За своими раздумьями Чуйков как-то прошляпил появление шумного, округлого, энергично-громогласного военного, при ближайшем рассмотрении оказавшегося Рычаговым[43].
– А! Василий Иванович! Я тебя как раз и искал, помощь твоя нужна позарез, извини, даже поздороваться забыл! Здравия желаю, товарищ комкор!
– Здоров будь и ты, товарищ комкор! – с легкой улыбкой произнес Чуйков. И на него харизма молодого летчика-аса действовала безотказно.
– Василий Иванович, так поможешь? Очень прошу! – Рычагов посмотрел на Чуйкова таким пронзительным взглядом, мол, выручай парня, папаша!
– Павел Васильевич, разве я могу тебе не помочь? Умеешь ведь уговаривать! – Чуйков опять усмехнулся, как-то появление летчика сумело вывести его из мрачного состояния души.
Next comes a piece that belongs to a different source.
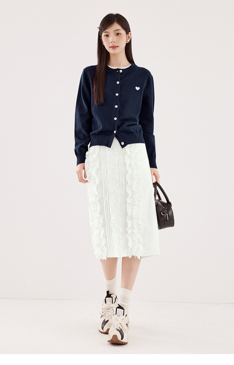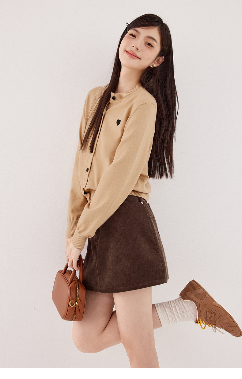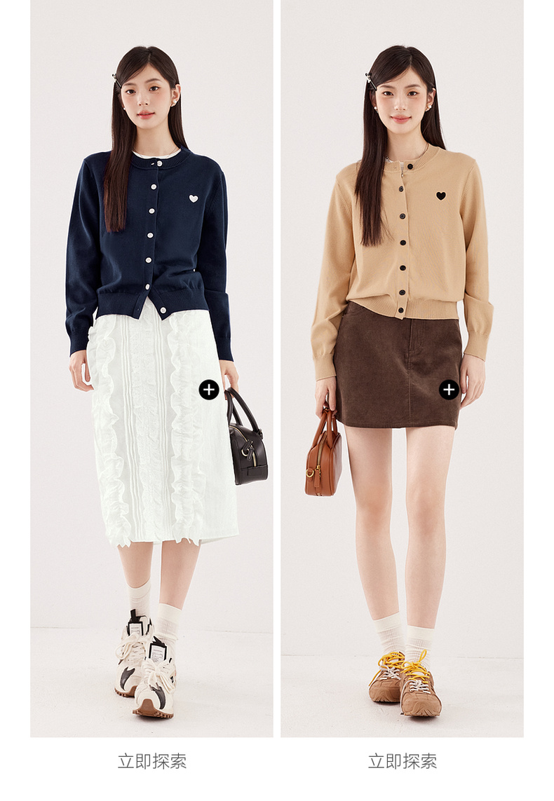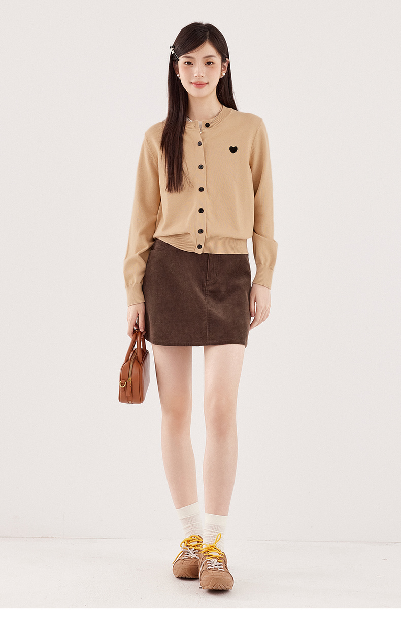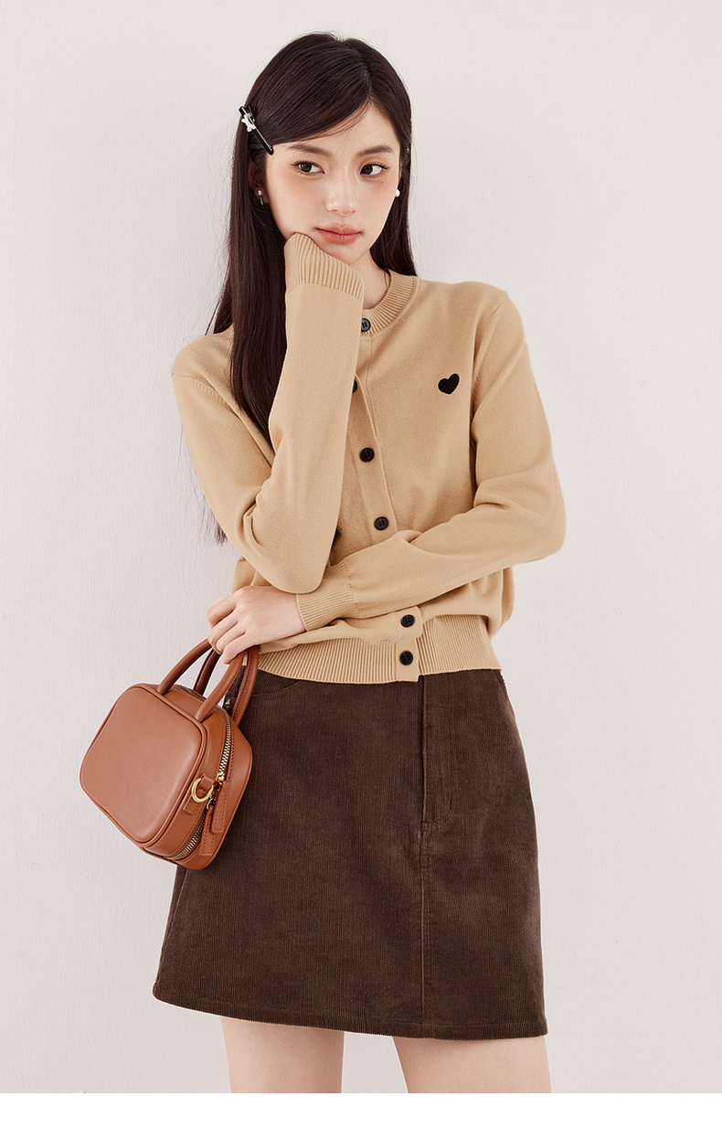 【严选】【心动毛衣】诗凡黎圆领爱心图案针织开衫2024秋新款流行百搭上衣7F7330071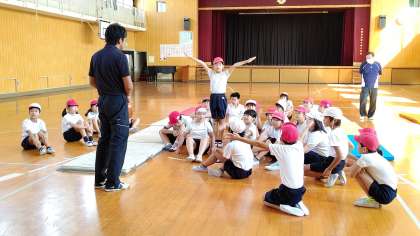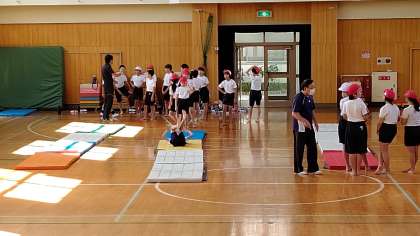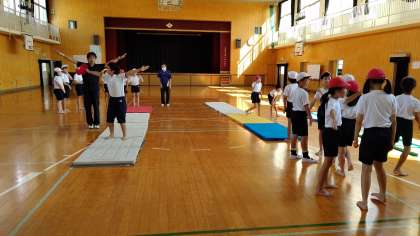 1時間目、5年生が体育の学習をしています。土曜授業「マット運動の発表会」の練習をしています。

– На том и стоим, Василий Иванович. А просьба у меня простая. Ты ведь с Чибисовым знаком?
– Николаем Евламптьевичем? Знаком.
– Вот. Посодействуй. Мне техники нужны сверх штата! Позарез нужны! В эти морозы мои делают что могут, обморожения пальцев у каждого первого, а не второго! Так я смогу хоть частично восстанавливать людей и держать парк машин в рабочем состоянии. Мне ведь не парадный строй держать, воевать надо! – Рычагов действительно воевал. Пока что только к его самолетам и персоналу по армии претензий у Чуйкова не было.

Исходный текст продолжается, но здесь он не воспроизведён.